- Hadat Location in Lebanon
- Coordinates: 33°50′06″N 35°32′10″E﻿ / ﻿33.835°N 35.536°E
- Country: Lebanon
- Governorate: Mount Lebanon
- District: Baabda

Area
- • Total: 1,563 ha (3,860 acres)

= Hadath, Mount Lebanon =

Hadath (الحدت) is a municipality in the Baabda District of the Mount Lebanon Governorate in Lebanon. It borders the southern periphery of the Lebanese capital Beirut and is considered part of its metropolitan area. Originally a village it was founded by the Jamous (lit: Buffalo) family. There is also a Jamous St in Beirut, named after the same family.

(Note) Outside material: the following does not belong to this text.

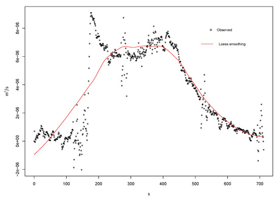The first part (Steps 1–2) is related to the topography reproduction of the watershed for which a scale factor related to the z axis must be configured to convert the elevation data from meters to the model scale in centimeters. Once the watershed is modeled, rainfall is simulated according to the previous experiments during a relatively long time (5 min was sufficient to saturate the watersheds in all cases) to obtain first the time of concentration () (Steps 3–8). Plotting the measured flow at this stage results in a flat bell shape as shown in Figure 11 where is observed at the moment when the flow starts to be relatively stable—the equilibrium discharge—in this case at 280 s. A Loess smoothing was applied in R language to reduce the noise and obtain a better estimation of the experimental time of concentration.

The place includes a Heavy Neolithic archaeological site approximately 7 km south southeast of Beirut, on the old road to Sidon. It was discovered and a collection made by Auguste Bergy from a spur near a ravine south of the last houses in the village. Heavy Neolithic material of the Qaraoun culture was found of an atypical variety with large, rough flakes including picks, choppers and cores. Some examples showed evidence of burin impacts and twisted forms. The area is now built up.

==Demographics==
In 2014, Christians made up 90.63% and Muslims made up 8.61% of registered voters in Hadath. 59.85% of the voters were Maronite Catholics, 13.06% were Greek Orthodox and 10.60% were Greek Catholics.